Es característico de las
disquisiciones schmittianas su fuerte eurocentrismo y los frangollos que hace
entre la historia y el derecho internacional, el derecho público, el derecho
marítimo y otras variantes en las que cita autores, hace afirmaciones y poco
después las controvierte. Por ejemplo, sobresale su concepción de que las
guerras europeas de los siglos XVI al XIX (e incluso después de la implantación
del servicio militar obligatorio y el concepto de “guerra entre pueblos”), eran
guerras acotadas, “entre caballeros”.
De este modo –dice– en el derecho
internacional europeo tradicional el guerrillero moderno no tiene lugar, o es
una tropa ligera o un delincuente abominable. El guerrillero “está fuera de la
acotación” de los caballeros para lo que llama “guerra mitigada” y por ende no
espera justicia ni clemencia. El guerrillero –dice Schmitt– se ha apartado de
la enemistad convencional de los caballeros e ingresado en “la verdadera
enemistad, que se intensifica mediante el terror y el contra-terror hasta el
aniquilamiento”.
Inútil sería reclamarle al jurista
nazi mencionar cualquiera de sus extraordinarias omisiones en materia de guerra
“acotada” y guerra irregular. A él, además de halagar a sus auditorios de la
década de 1960, sólo le interesa plantear los ejemplos que son útiles a sus
tesis. Así se cuida muy bien de recordar las Guerras Husitas y sus tropas
irregulares, en particular a uno de los jefes militares más capaces de todos
los tiempos, el checo Jan Zizka (1360–1424). O el surgimiento de la línea de
tiradores en setiembre de 1792, cuando los inexpertos milicianos
revolucionarios huían primero ante el avance de la infantería prusiana pero
después volvían sobre sus pasos y echaban cuerpo a tierra para disparar sin
tregua contra los invasores4.
O las Guerras de los Bóeres5,
una contienda colonial insólita porque por primera vez los británicos se
enfrentaban con colonos blancos de origen europeo que desarrollaron una
prolongada guerra de guerrillas y sufrieron junto con la población original
africana las atrocidades de Lord Kitchener, quien fue el inventor de los campos
de concentración y otras formas de represión masiva contra la población civil.

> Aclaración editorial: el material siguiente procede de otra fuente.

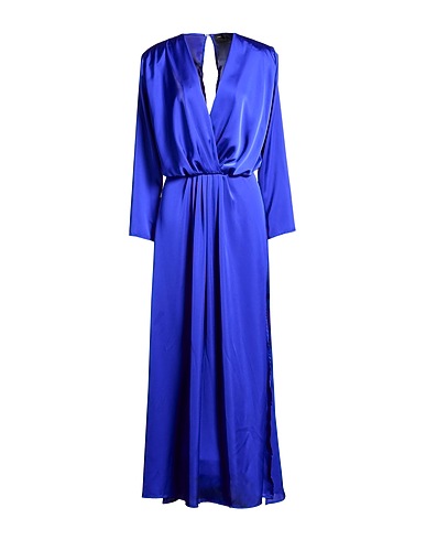 vestito svasato, raso, tinta unita, arricciato, cintura, scollatura profonda, maniche lunghe, con spalline imbottite, 1 bottone, lavare in lavatrice, non candeggiare, non asciugare in asciugatrice, dress-code elegante perfetto da damigella, da wedding-guest o per ogni occasione speciale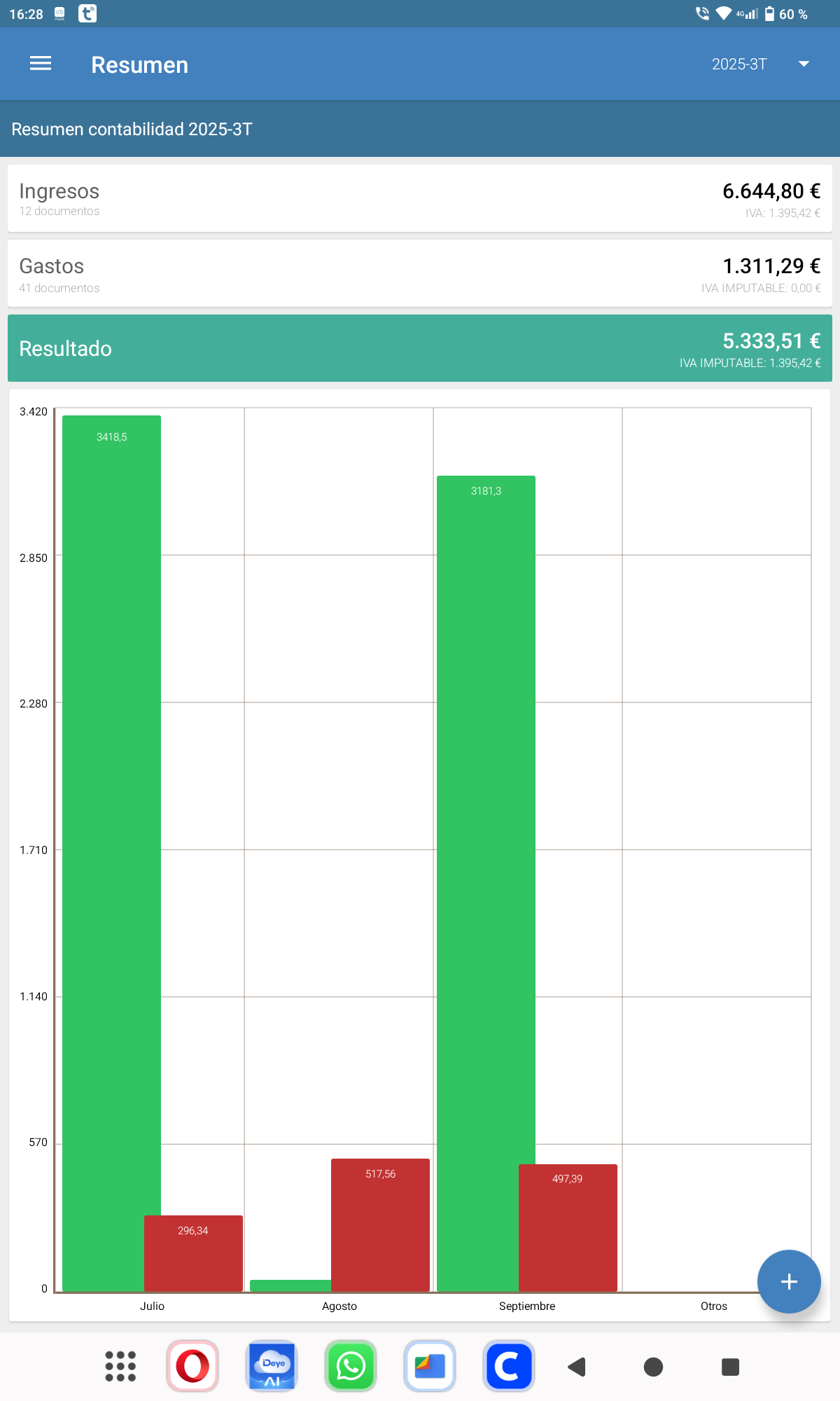 Buenos días, Diego. El resultado del trimestre es: pago a cuenta: 805,24€ e IVA: 1.077,26 €. Total: 1882,5€ A pagar.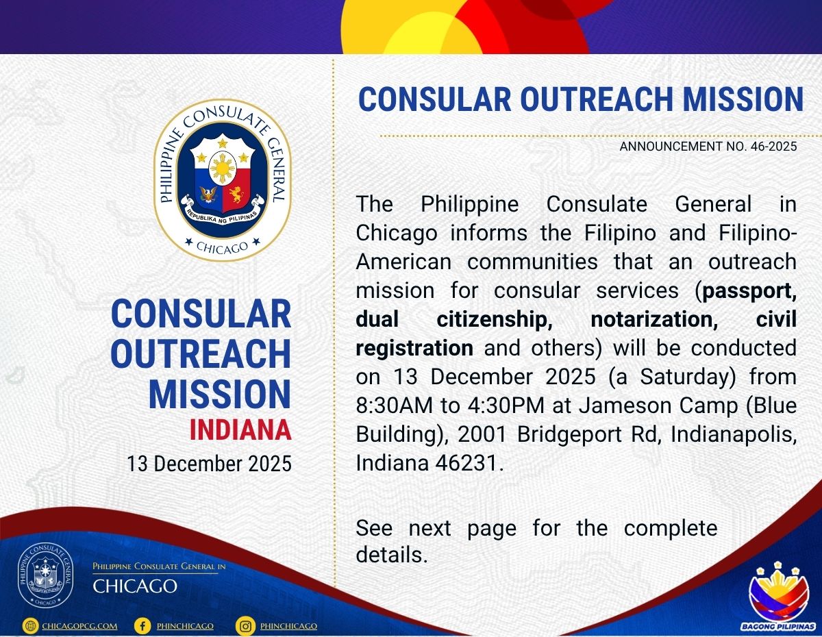 The Philippine Consulate General in Chicago informs the Filipino and Filipino-American communities that an outreach mission for consular services (passport, dual citizenship, notarization, civil registration and others) will be conducted on 13 December 2025 (a Saturday) from 8:30AM to 4:30PM at Jameson Camp (Blue Building), 2001 Bridgeport Rd, Indianapolis, Indiana 46231.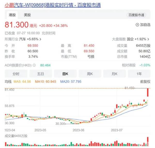 并且就在7月26日当晚,小鹏汽车美股股价一度涨超40%,收获年内迄今最高涨幅,截至美东时间7月26日收盘,小鹏汽车报收27.2亿美元/股,同比增长26.69%。7月27日,小鹏汽车港股开盘后一度涨近30%。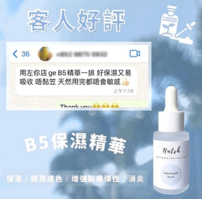 B5精華含有保濕不能缺既Vitamin B5 和 透明質酸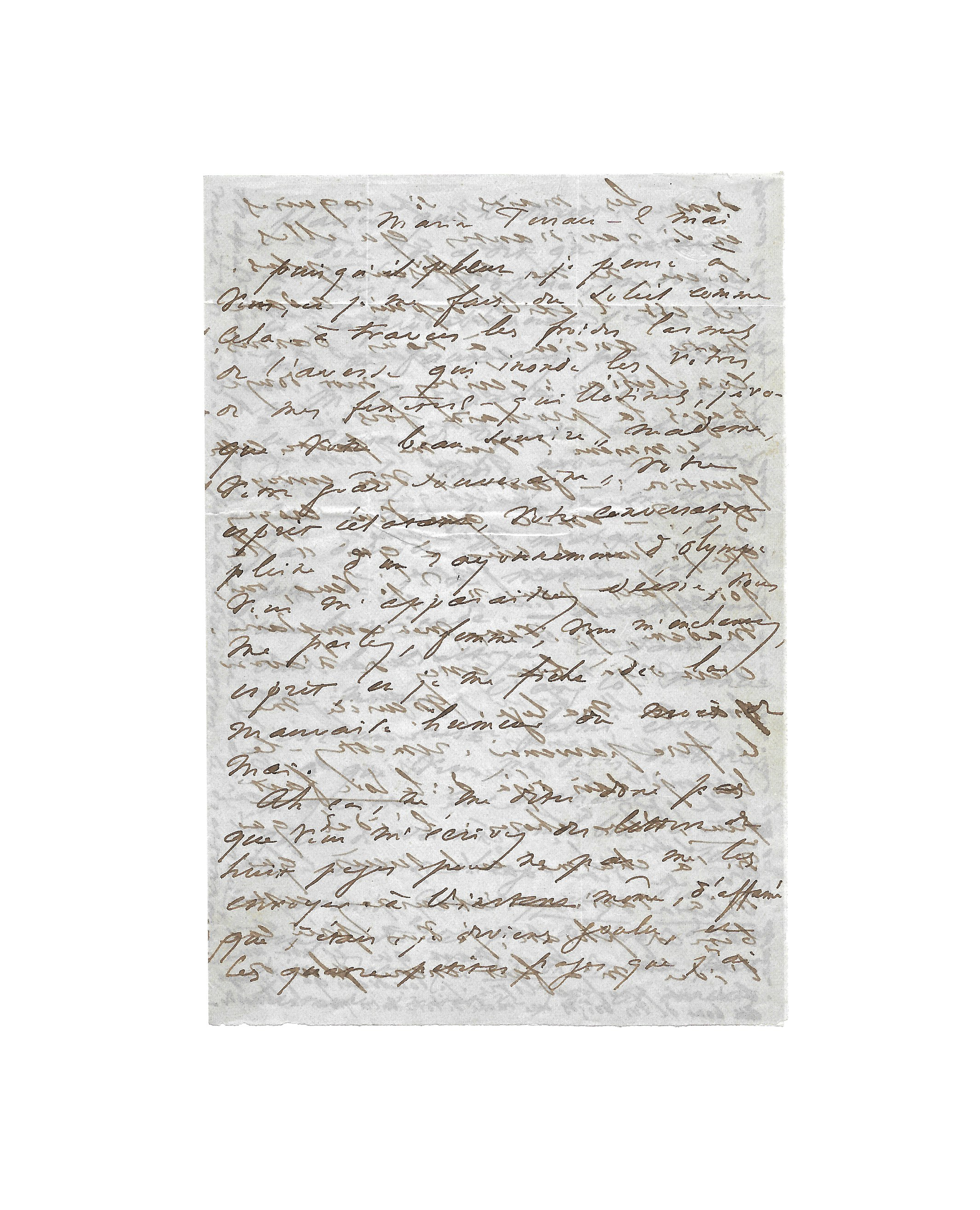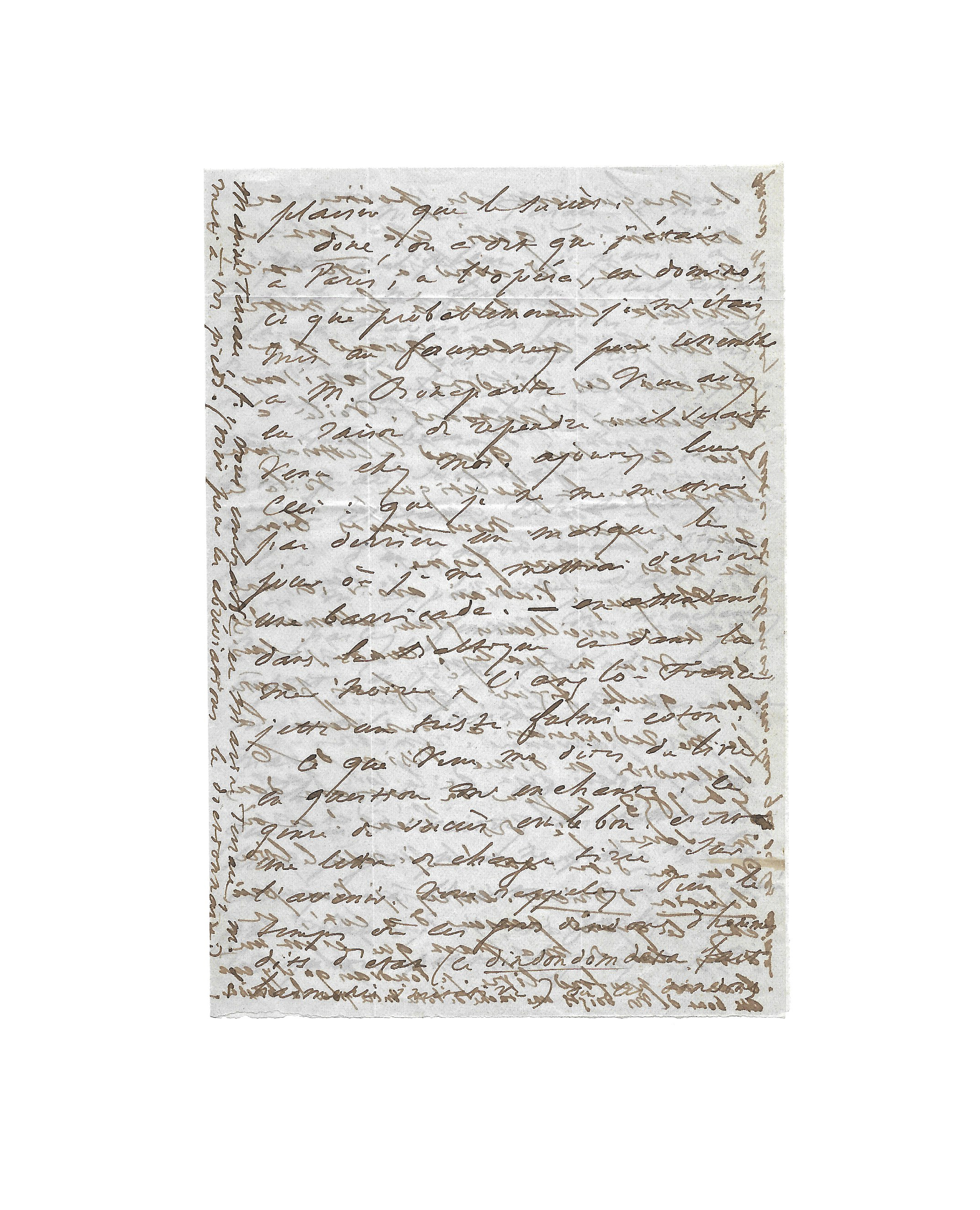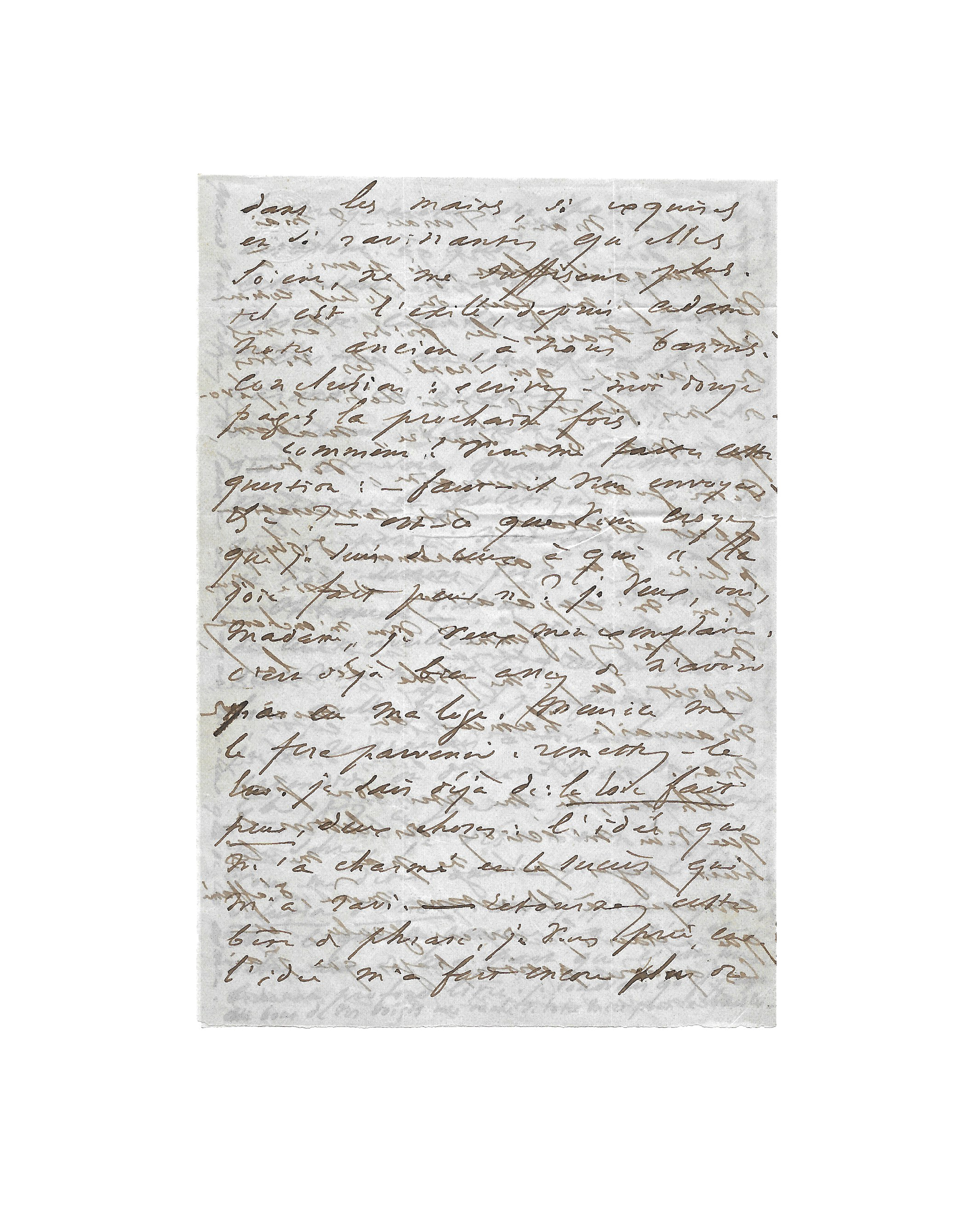 Ah ! ça, ne me dites donc pas que vous m’écrivez des lettres de huit pages, pour ne pas me les envoyer. À l’instant même, d’affamé que j’étais, je deviens goulu, et les quatre petites pages que j’ai dans les mains, si exquises et si ravissantes qu’elles soient, ne me suffisent plus. Tel est l’exilé, depuis Adam, notre ancien, à nous bannis. Conclusion : écrivez-moi douze pages la prochaine fois.

En sus clasificaciones de las guerras,
Schmitt maneja frecuentemente y muchas veces ambiguamente las categorías
regular/irregular. Por ejemplo, las guerras civiles y las guerras coloniales
las considera como “guerras estatales regulares” mientras que las guerrillas
recaen invariablemente en la guerra irregular. A cierta altura del opúsculo
abandona sus elucubraciones sobre derecho y su preocupación centrada en la
España y la Alemania del siglo XIX para desarrollar sus conceptos sobre las
características del guerrillero que reúne el no revestir uniforme, no llevar
armas a la vista e incorporar un compromiso político importante. Aquí cifra su
distinción sobre los guerrilleros telúricos, aquellos que defienden su terruño
contra un invasor, y los revolucionarios profesionales universales que,
naturalmente, identifica con el comunismo. El guerrillero telúrico es defensivo
mientras que el revolucionario es agresivo.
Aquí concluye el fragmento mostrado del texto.